Networking

NVIDIA MRC Enables Spectrum-X Ethernet for AI-At-Scale, Now at OCP

NVIDIA recently announced that Multipath Reliable Connection (MRC), an RDMA transport protocol developed for and in production on Spectrum-X Ethernet hardware, is now available to the broader industry via the OCP.

As clusters scale to hundreds of thousands of GPUs, standard Ethernet transport protocols lack the multipath awareness, congestion responsiveness, and failure-recovery speed needed to sustain efficient distributed training at that scale.

MRC addresses this structural limitation in AI training fabrics by allowing a single RDMA connection to distribute traffic across multiple network paths simultaneously, thereby enabling dynamic load balancing, real-time congestion avoidance, and microsecond-level path-failure recovery.

NVIDIA developed MRC in collaboration with AMD, Broadcom, Intel, Microsoft, and OpenAI. Publishing the specification through OCP extends the protocol’s reach beyond NVIDIA’s own hardware ecosystem, though the company expects its Spectrum-X implementation, backed by deep telemetry and fabric control, to remain the performance-optimized reference deployment.

Beyond the marketing launch, the contributing companies also released a technical paper, Resilient AI Supercomputer Networking using MRC and SRv6, describing the protocol and testing results.

What is MRC?

MRC extends the RoCE RC transport (the RDMA-over-Converged-Ethernet standard defined by the InfiniBand Trade Association) to enable true multipath operation. The central design decision is to shift responsibility for load balancing and failure handling from complex network switch control planes to the network endpoints, with end-to-end controls implemented in the NIC and host software stack.

Where standard RoCEv2 binds a queue pair to a single network path, MRC decouples the RDMA connection from path assignment, allowing a single connection to fan traffic across hundreds of paths simultaneously and to dynamically reassign paths based on real-time fabric conditions.

This is a deliberate architectural inversion relative to conventional Ethernet designs. In traditional fabrics, routing intelligence lives in the switches, and hosts have limited visibility into or control over how their traffic traverses the network.

MRC embeds routing logic at the host, enabling the endpoint to participate in path selection and congestion response. The network still provides feedback, but the host acts on it rather than waiting for the switch control plane to converge.

MRC builds on techniques developed by the Ultra Ethernet Consortium (UEC) and extends them with SRv6-based source routing to support large-scale AI networking fabrics. SRv6 (Segment Routing over IPv6) allows the host to specify the explicit path a packet should take through the network, with the path encoded directly in the packet header. 

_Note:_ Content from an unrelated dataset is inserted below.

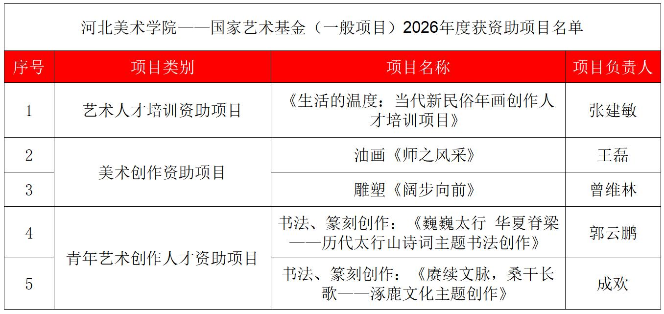 近日,国家艺术基金管理中心公布了国家艺术基金(一般项目)2026年度资助项目名单,立项资助项目共879项,综合立项率约为7.6%。河北省获批19项,beat365官网立项5项,立项数量位居全省首位,涵盖艺术人才培训资助项目1项,美术创作资助项目2项,青年艺术创作人才资助项目2项。beat365官网此次获批立项,根植于长期以来在艺术学科建设上的系统布局与精心培育。为精准提升项目申报质量,学校精准施策、...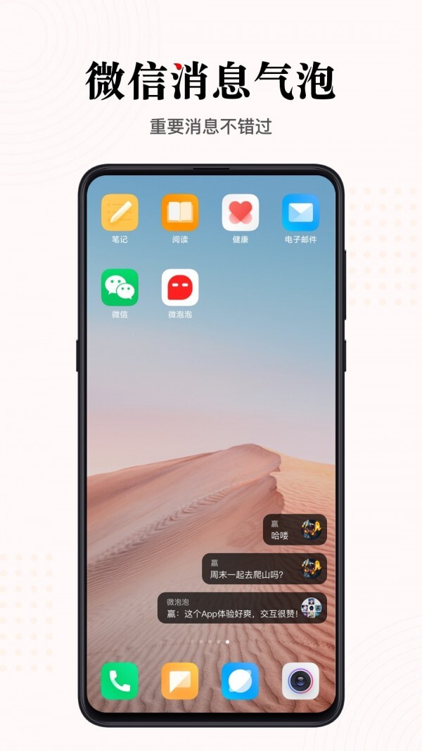 在任意界面收到微信,都会出现消息气泡,快捷查看回复。

This enables hardware-deterministic routing without requiring dynamic switch protocols to compute paths on-the-fly, simplifying the switch control plane and giving the host precise control over traffic placement across the fabric.

Core Capabilities

MRC’s technical capabilities span four primary areas: multipath load balancing, congestion management, failure recovery, and telemetry.

Each addresses a distinct failure mode that becomes acute at the scale of frontier AI training clusters, where a single training step can involve millions of synchronous data transfers and a single delayed transfer can cause GPU idle time across thousands of nodes.

MRC delivers:

  • Multipath packet spraying: MRC spreads individual packets for a single RDMA connection across hundreds of network paths simultaneously. This distributes traffic load across the full available fabric capacity rather than concentrating flows on a subset of paths, which is the primary source of hot spots in conventional single-path RoCEv2 deployments. Each packet can take a different path to the destination; the receiver reassembles them in order.
  • SRv6 source routing: MRC uses SRv6 to give the host explicit control over packet path selection. Rather than relying on switch-level Equal-Cost Multipath (ECMP) hashing (which can create uneven load distribution across links) the NIC encodes the intended path in the packet header. This allows the host to steer traffic away from congested or failed segments without switch coordination, and it enables large operators to disable dynamic routing protocols in switches entirely, replacing them with static routes and reducing switch control-plane complexity.
  • Real-time congestion-aware routing: MRC ingests high-frequency telemetry signals from the fabric, including congestion indicators, packet loss events, and per-path utilization. It uses them to adjust path selection in real time. The protocol does not wait for timeout-driven congestion-control mechanisms to respond; it proactively reroutes around overloaded links.
  • Selective retransmission: When packet loss occurs, MRC retransmits only the lost packets rather than triggering window-based retransmission, which resends large blocks of data. This minimizes the bandwidth cost of recovery and reduces the impact of transient link faults on long-running training jobs.
  • Microsecond hardware-failure bypass: MRC detects path failures at hardware speed and reroutes traffic within microseconds. Conventional network fabrics can take seconds or tens of seconds to stabilize after a link or switch failure, during which synchronized GPU training jobs stall.
  • High-frequency telemetry: MRC includes a built-in continuous telemetry reporting network conditions (e.g., congestion signals, packet loss, and per-path utilization) at intervals fine enough to support microsecond-level routing decisions. Administrators also gain per-path traffic visibility for diagnosis and troubleshooting at scale.

Topology and Scale

A key architectural claim from OpenAI is that MRC’s multipath design enables a two-tier Ethernet switch topology to connect more than 100,000 GPUs, a configuration that conventional 800 Gb/s networks require three or four switch tiers to achieve.

Source: OpenAI

Reducing switch tiers lowers power consumption, component count, and network costs for clusters at this scale. This is due to MRC’s ability to exploit full fabric bandwidth across all available paths without creating the hot spots that force operators to add switch tiers for headroom.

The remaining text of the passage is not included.